Conservatory (консерваторія; konservatoriia). A specialized institution of higher learning offering programs of study in music, particularly in composition and performance. The first conservatory appeared in Naples in 1589, operated by the Catholic Church, while the first modern secular conservatory was opened in Paris in 1784 (renamed into the Conservatoire National de Musique et d’Art Dramatique in 1795). In Ukraine, most existing conservatories were established in the twentieth century. However, according to some sources, the first conservatory (referred to as ‘music academy’) in the Russian Empire was founded by the Italian composer Giuseppe Sarti in 1787 in southern Ukraine (in Kremenchuk, then the capital of the Katerynoslav vicegerency). While there the composer was in the service of Prince Grigory Potemkin as a head of his domestic choir. Other sources contend that while Sarti indeed had an official title of director of Katerynoslav music academy, an institution proposed by Potemkin, it existed only on paper (as did most other public institutions and buildings in the city). Katerynoslav received its first music school only in 1898, which briefly had the status of a conservatory between 1919 and 1923. It was then reorganized as a tekhnikum of music and theater (at that time ranked as an institution of higher learning) and later as a music college (uchylyshche)—an institution of secondary special education. It was named after the Russian composer Mikhail Glinka in 1948. In 2006 it was again granted the status of a higher educational institution and renamed Dnipropetrovsk Conservatory. In 2016 it assumed its present name: Dnipropetrovsk Academy of Music.
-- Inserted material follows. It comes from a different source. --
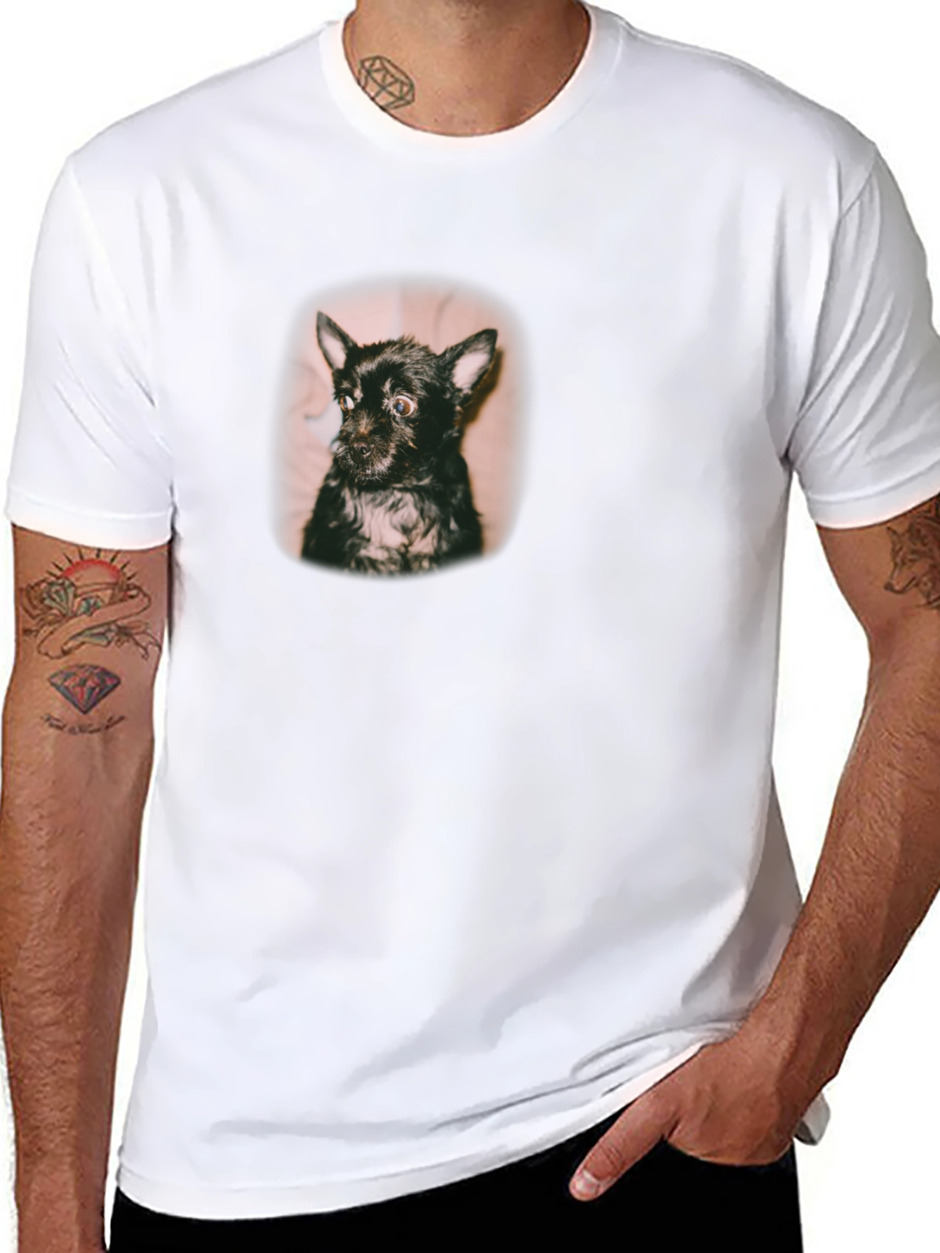 Show your love for dogs with this unique black t-shirt! Featuring a striking portrait of an adorable black dog, this tee is perfect for casual wear and dog lovers alike. Made from comfortable, breathable fabric, it offers a great fit and lasting durability. The high-quality print ensures the dog's endearing expression remains vibrant wash after wash. Wear it to the park, dog shows, or just lounging at home – this shirt is sure to spark conversations and smiles. A fun and stylish way to express your passion for furry friends!
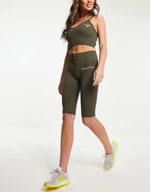 Twill Active tie waist seamless shorts in khaki - DGREEN

The first continuously existing conservatory in Ukraine was opened in Lviv in 1853, founded by the Society for the Advancement of Music, as essentially a Polish cultural institution. Under Soviet rule in 1939 it merged with its Ukrainian counterpart—the Lysenko Higher Institute of Music (est. 1903)—and together they formed the Lviv State Conservatory (named after Mykola Lysenko in 1944). In 2007 it was renamed Lviv National Music Academy. Other conservatories on the territory of present-day Ukraine were opened in Kyiv (1913; now National Music Academy of Ukraine), Odesa (1913; now Odesa National Music Academy), Kharkiv (1917; see Kharkiv Conservatory), and Donetsk (1993; now Donetsk State Music Academy). In independent Ukraine five of these conservatories (in Lviv, Odesa, Kyiv, Donetsk and Dnipro) were reorganized into ‘music academies’ (three with the national institution of higher learning status), while Kharkiv Conservatory had merged with Kharkiv Theater Institute in 1963 and is currently known as Kharkiv National University of Arts. In addition, in 1998 Kyiv State Music College (uchylyshche) received the status of a higher educational institution, and in 2018 it was reorganized into Reinhold Glière Kyiv Municipal Academy of Music.
Compared to other institutions of higher learning in Ukraine, music academies have rather modest enrollments (the largest of them, the National Music Academy of Ukraine, has an enrollment of approximately 1,100 students). Four of the music academies mentioned above appeared on the list of ten best art institutions of higher learning in Ukraine in 2021 according to the educational web portal Osvita.ua: the National Music Academy of Ukraine was ranked fifth, followed by Lviv National Music Academy ranked seventh, Kharkiv National University of Arts ranked eighth, and Reinhold Glière Kyiv Municipal Academy of Music ranked tenth.